[SUPPLIED DATA — start]

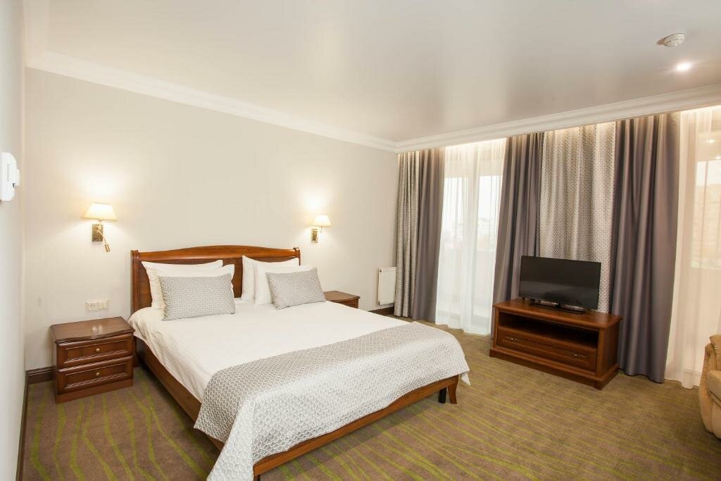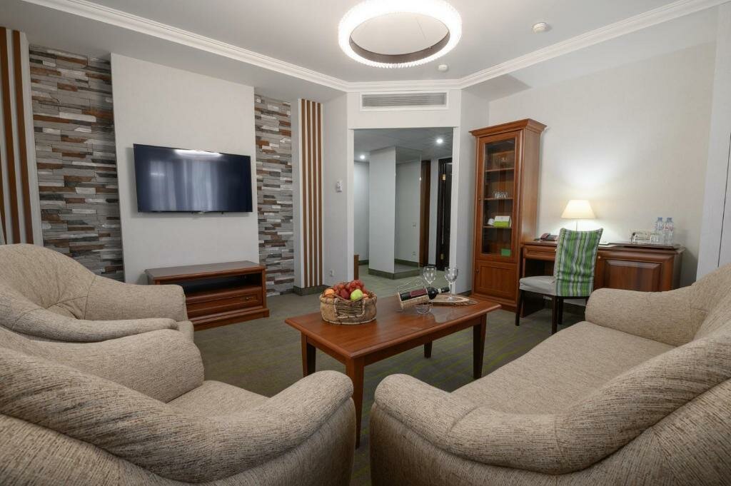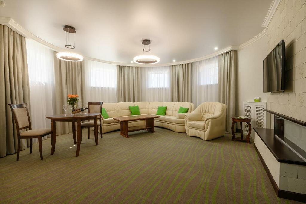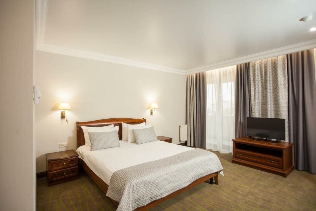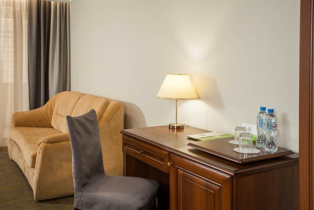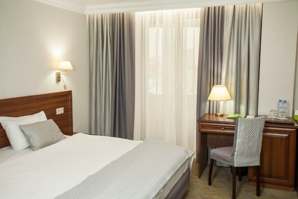 Удобства: — Бесплатные Wi-Fi, парковка, тренажёрный зал — Ресторан, бар, кафе, банкетный зал — Кондиционер, холодильник, сейф, фен в номерах — Бассейн и сауна (платно), конференц-зал — Проживание с животными (платно), детские кровати (бесплатно)
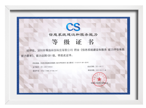 信息系统建设和服务能力划分为五个等级,等级从低到高分别用CS1级(初始级)、CS2级(基本级)、CS3级(良好级)、CS4级(优秀级)、CS5级(杰出级)。
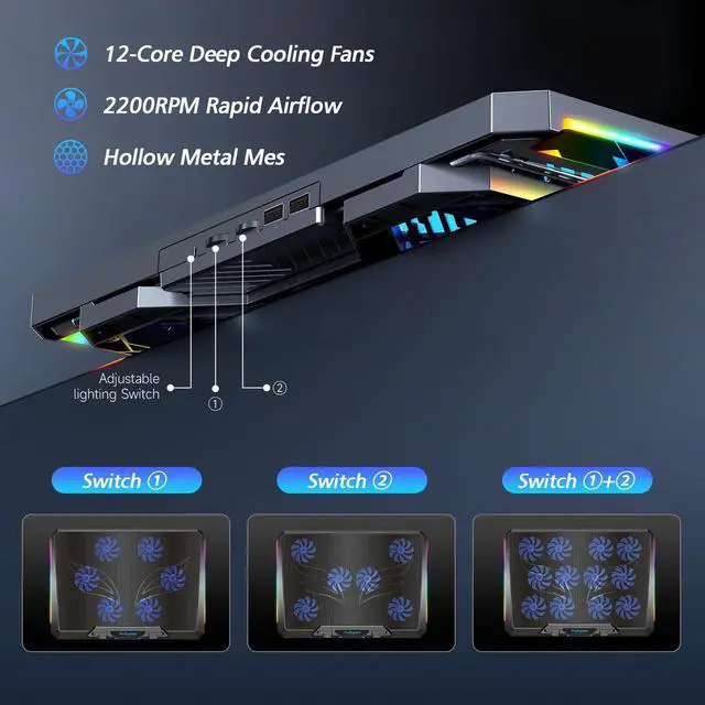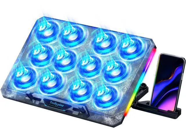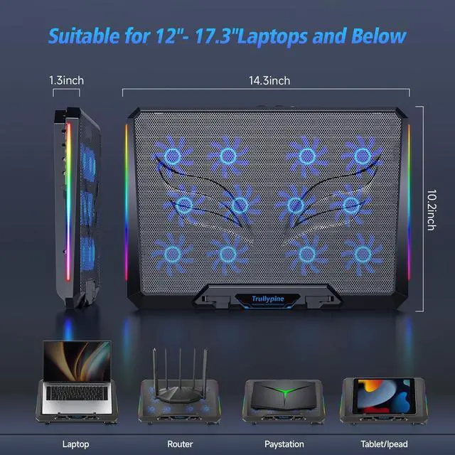 12-Core Deep Cooling FansThe Trullypine F12 Laptop Cooling Pad is equipped with 12 high-speed silent fans, providing excellent cooling effect and temperature control, 360 degrees all-round dynamic cooling; The large metal mesh provides great heat dissipation performance. Four diamond-shaped groove designs bring better heat dissipation space, being built to accelerate heat dissipation. At the same time, these high-end laptop cooling fans are all equipped with capacitor components to reduce working noise, very quiet and create a low noise environment for you! ^^ Ergonomic Design & Anti-slip BaffleEquipped with ergonomic stand and 5-level height adjustment settings, this portable laptop cooling pad helps you find the most comfortable angle for all-day use whether you're gaming, watching videos, or working.

[SUPPLIED DATA — finish]

The answer is the listing above repeated verbatim, minus its images.

== SOLUTION ==
 Удобства: — Бесплатные Wi-Fi, парковка, тренажёрный зал — Ресторан, бар, кафе, банкетный зал — Кондиционер, холодильник, сейф, фен в номерах — Бассейн и сауна (платно), конференц-зал — Проживание с животными (платно), детские кровати (бесплатно)
 信息系统建设和服务能力划分为五个等级,等级从低到高分别用CS1级(初始级)、CS2级(基本级)、CS3级(良好级)、CS4级(优秀级)、CS5级(杰出级)。
 12-Core Deep Cooling FansThe Trullypine F12 Laptop Cooling Pad is equipped with 12 high-speed silent fans, providing excellent cooling effect and temperature control, 360 degrees all-round dynamic cooling; The large metal mesh provides great heat dissipation performance. Four diamond-shaped groove designs bring better heat dissipation space, being built to accelerate heat dissipation. At the same time, these high-end laptop cooling fans are all equipped with capacitor components to reduce working noise, very quiet and create a low noise environment for you! ^^ Ergonomic Design & Anti-slip BaffleEquipped with ergonomic stand and 5-level height adjustment settings, this portable laptop cooling pad helps you find the most comfortable angle for all-day use whether you're gaming, watching videos, or working.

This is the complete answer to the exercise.